Posted by noblethrasher on Stack Overflow See other posts from Stack Overflow or by noblethrasher
Published on 2010-05-01T02:03:30Z Indexed on 2010/05/01 2:07 UTC
Read the original article Hit count: 284

Filed under:

authorization

|

oop

|

ASP.NET

|

mvc

|

c#

I've never seen this done but I had an idea of doing authorization in a more purely OO way. For each method that requires authorization we associate a delegate. During initialization of the class we wire up the delegates so that they point to the appropriate method (based on the user's rights). For example:

class User
{
    private deleteMemberDelegate deleteMember;

    public StatusMessage DeleteMember(Member member)
    {
        if(deleteMember != null)
        {
            deleteMember(member);
        }
    }

    //other methods defined similarly...

    User(string name, string password) //cstor.
    {
        //wire up delegates based on user's rights. 
        //Thus we handle authentication and authorization in the same method.
    }

}

This way the client code never has to explictly check whether or not a user is in a role, it just calls the method. Of course each method should return a status message so that we know if and why it failed.

Thoughts?

© Stack Overflow or respective owner

Related posts about authorization

Apache2 - mod_rewrite : RequestHeader and environment variables

as seen on Server Fault - Search for 'Server Fault'
I try to get the value of the request parameter "authorization" and to store it in the header "Authorization" of the request. The first rewrite rule works fine. In the second rewrite rule the value of $2 does not seem to be stored in the environement variable. As a consequence the request header… >>> More
Apache2 - mod_rewrite : RequestHeader and environment variables

as seen on Server Fault - Search for 'Server Fault'
I try to get the value of the request parameter "authorization" and to store it in the header "Authorization" of the request. The first rewrite rule works fine. In the second rewrite rule the value of $2 does not seem to be stored in the environement variable. As a consequence the request header… >>> More
OAuth: Token-Based Authorization for the Social Networking Age

as seen on Internet.com - Search for 'Internet.com'
The OAuth token-based authorization system allows users to grant third-party access to their resources without sharing their usernames and passwords. It's perfect for the age of data scattered across many social networking sites. >>> More
OAuth: Token-Based Authorization for the Social Networking Age

as seen on Internet.com - Search for 'Internet.com'
The OAuth token-based authorization system allows users to grant third-party access to their resources without sharing their usernames and passwords. It's perfect for the age of data scattered across many social networking sites. >>> More
Implementing OAuth Authorization on Social Networks

as seen on Internet.com - Search for 'Internet.com'
Walk through all the necessary steps for implementing the OAuth token-based authorization system—a perfect security solution for the social networking age—on both the consumer and provider sides. >>> More

Related posts about oop

php variable scope in oop

as seen on Stack Overflow - Search for 'Stack Overflow'
Hi, I wonder if anyone can help out here, I'm trying to understand how use an objects properties across multiple non class pages,but I can't seem to be able to get my head around everything i have tried so far. For example a class called person; class person { static $name; } but i have… >>> More
Some solid OOP criticism?

as seen on Stack Overflow - Search for 'Stack Overflow'
Hi! I want to ask you to provide me with some articles (maybe books), which you possibly have found very convincing criticising the OOP methodology. I have read some in the WWW on this topic and I didn't really find a 'definitive demotivator'. It's not much about my personal attitude to the OOP… >>> More
How can i handle a form submit using REAL OOP in PHP

as seen on Stack Overflow - Search for 'Stack Overflow'
Im used to java and creating UML.. and i was wondering how can PHP be OOP, the objects live only until you make a request.. then they destroy, so if im using a database is useless to create a class and add the members (variables) to the class, they will be useless.. i cant pass the main system object… >>> More
I dont understand Access modifiers in OOP (JAVA)

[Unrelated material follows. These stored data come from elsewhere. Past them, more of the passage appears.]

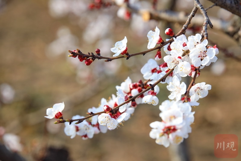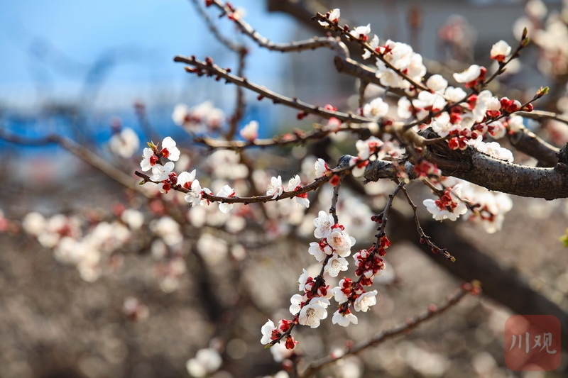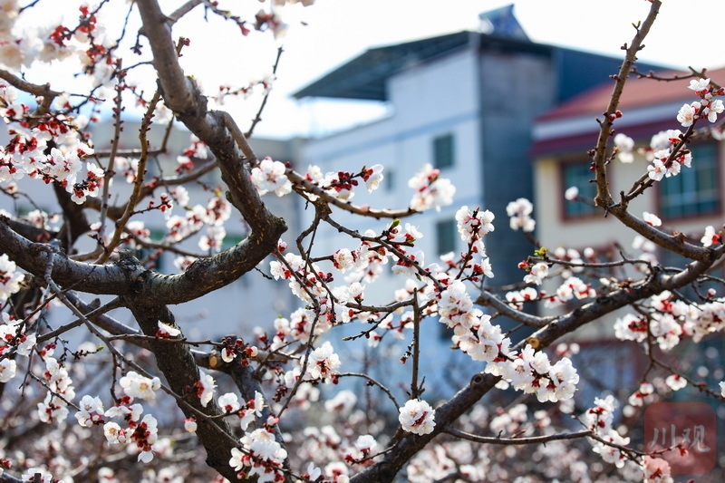 2月28日,走进初春时节的雅安汉源县九襄镇,大片的樱桃花压满枝头开得正盛,白里透粉的杏花也迎春而来,春花飞舞、春意盎然,成为花海果乡——汉源九襄上线的第一波春意。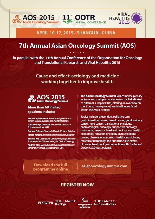 2015年4月10日至12日,第7届亚洲临床肿瘤峰会和第11届临床肿瘤、转化研究与肝病组织年会将在中国上海国际会展中心举办。病毒性肝炎专题峰会也将首次同时举行,此次峰会将聚集来自各个学科的专家,为共同研究、促进合作提供了独一无二的机会。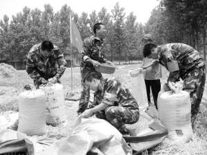 今年,商水县位集镇成立了由人大代表、基干民兵、工商联会员组成的“三夏”帮扶队,至今已无偿帮助过1000多家缺少青壮劳动力的农民家庭。图为帮扶队正在为农户装粮的情形。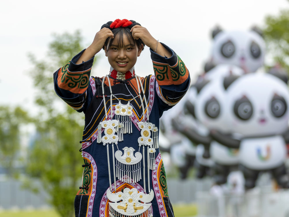 7月23日,準(zhǔn)備參加成都大運(yùn)會(huì)開(kāi)幕式彩排的吉好有果。新華社記者 沈伯韓 攝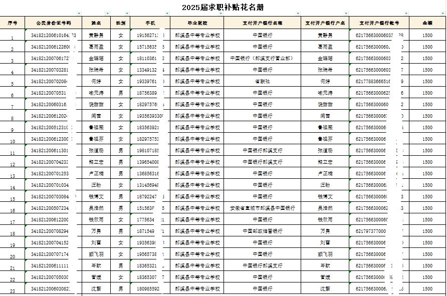 2025届学生就业创业求职补贴第一批发放公示

as seen on Stack Overflow - Search for 'Stack Overflow'
I know this is a silly question but i don't understand Access Modifiers in OOP. Why do we make for example in JAVA instance variables private and then use public getter and setter methods to access them? I mean whats the reasoning/logic behind this? You still get to the instance variable but why use… >>> More
Do you need a good background in OOP before moving to frameworks?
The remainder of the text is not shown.